Thanks for the link! For those that didn't look at the link, Homu is actually written in Python and not Rust (the website for the project is what's written in Rust). Berker has actually said he is beginning to look into writing a bot for our needs so he might be interested in this. A quick perusal suggests it probably needs to be modified to understand supporting multiple branches. I also don't know if it supports the fast-forwarding/rebasing commits we want, but I doubt that would be difficult to add. It probably also needs to grow an extension system somehow to support custom NEWS entries for us. But it probably would be really nice for the Python and Rust communities to share some of the infrastructure burden by working on the same tooling (especially if we even consider using their auto-assignment to help get patches reviewed). On Wed, 30 Dec 2015 at 20:21 Nick Coghlan <ncoghlan@gmail.com> wrote:
(Note: near term, this probably isn't a useful idea, as the current GitHub & GitLab proposals aren't proposing the introduction of merge gating, merely advisory testing of PRs, so folks will remain free to merge patches locally and push them up to the master repository. However, I think pre-merge testing is a good idea long term, with approving our own PRs taking the place of pushing directly to the development and maintenance branches)
I recently came across an old article [1] by Rust's Graydon Hoare regarding their approach to pre-merge testing of commits using GitHub PRs and Buildbot. Following up on that brought me to a more up to date explanation of their current bot setup [2], and the http://homu.io/ service for running it against a project without hosting your own instance (in our case, if we did run a service like Homu, we'd likely still want to host our own instance, as Mozilla do for Rust and Servo).
Similar to OpenStack's Zuul, Homu serialises commits, ensuring that the test suite is passing *before* code lands on the target branch. The relevant differences are that Homu is designed to use GitHub PRs rather than Gerrit reviews as the event source, and Travis CI and Buildbot rather than Jenkins as the CI backends for actually running the integration tests. (Homu is also currently missing Zuul's "speculative test pipeline" feature, which allows it to test multiple commits in parallel on the assumption that most of them will pass due to prior testing in isolation, but has a separate feature that allows PRs to be tagged for inclusion in "rollup" commits that land several changes at once after testing them as a group)

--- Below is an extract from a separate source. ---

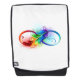 Símbolo de infinito dibujado artísticamente con una hermosa pluma arco iris sobre fondo blanco. Estilo tatuaje.
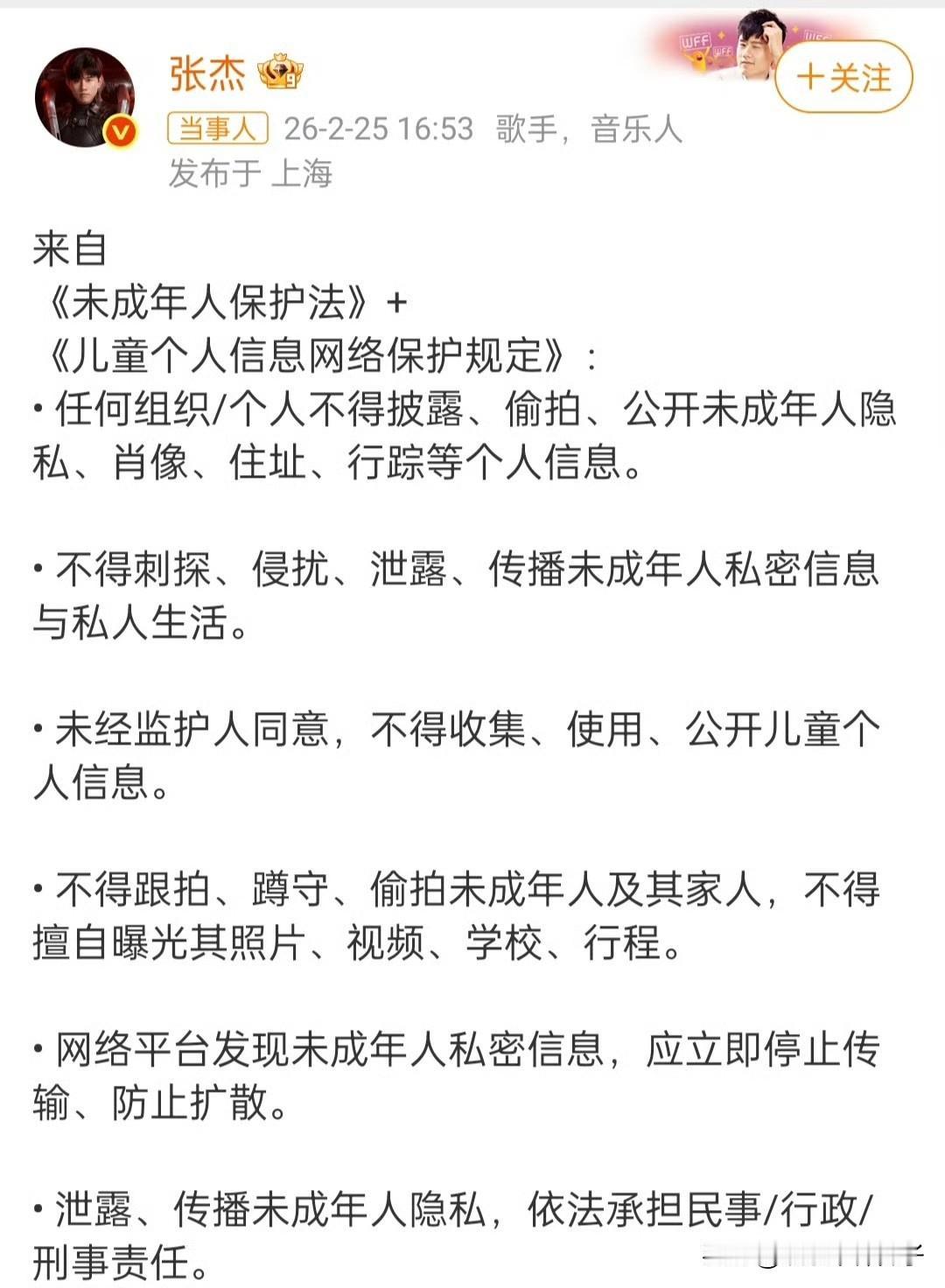 张杰发文力挺谢娜! 2月25日,谢娜在社交平台发文,一连用了很多惊叹号,恳请不要再把镜头对准孩子,看得出来,言语中充满无奈和愤怒,如果不是公众人物,估计就要发飙了。 事情的起因,谢娜带着双胞胎女儿出行,遭到狗仔的全程跟拍,更可恨的是,还透露孩子的上课地点。 随后,张杰发文力挺老婆谢娜,没有多余的废话,直接列举出《未成年人保护法》,态度非常明确,用特殊的方式,来警告狗仔的偷拍行为。 该说不说,关键时候还得是夫妻,张杰和谢娜的做法没毛病,狗仔经常跟拍明星,已经习以为常,不过,偷拍小孩子,就有点过分了,关键还曝光个人隐私,也难怪人家会发火。 如果没记错,赵丽颖也曾发文,恳请媒体不要把镜头对准孩子。 林心如更是直接发飙,怒斥网上曝光女儿的照片。

The current merge queue for Rust itself can be seen at http://buildbot.rust-lang.org/homu/queue/rust
Regards, Nick.
[1] http://graydon2.dreamwidth.org/1597.html [2] http://huonw.github.io/blog/2015/03/rust-infrastructure-can-be-your-infrastr...

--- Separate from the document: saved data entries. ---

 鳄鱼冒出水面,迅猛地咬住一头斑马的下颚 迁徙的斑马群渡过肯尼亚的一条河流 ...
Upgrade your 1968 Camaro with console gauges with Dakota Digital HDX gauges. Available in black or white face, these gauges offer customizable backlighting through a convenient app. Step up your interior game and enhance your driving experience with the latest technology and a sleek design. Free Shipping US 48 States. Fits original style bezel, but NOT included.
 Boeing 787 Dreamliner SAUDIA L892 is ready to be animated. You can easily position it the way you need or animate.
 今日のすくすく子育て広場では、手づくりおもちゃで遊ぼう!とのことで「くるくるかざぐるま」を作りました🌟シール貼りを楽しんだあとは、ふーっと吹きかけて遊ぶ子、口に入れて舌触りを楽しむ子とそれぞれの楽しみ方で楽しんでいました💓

-- Nick Coghlan | ncoghlan@gmail.com | Brisbane, Australia _______________________________________________ core-workflow mailing list core-workflow@python.org https://mail.python.org/mailman/listinfo/core-workflow This list is governed by the PSF Code of Conduct: https://www.python.org/psf/codeofconduct

On 1 January 2016 at 06:21, Brett Cannon <brett@python.org> wrote:
Thanks for the link! For those that didn't look at the link, Homu is actually written in Python and not Rust (the website for the project is what's written in Rust).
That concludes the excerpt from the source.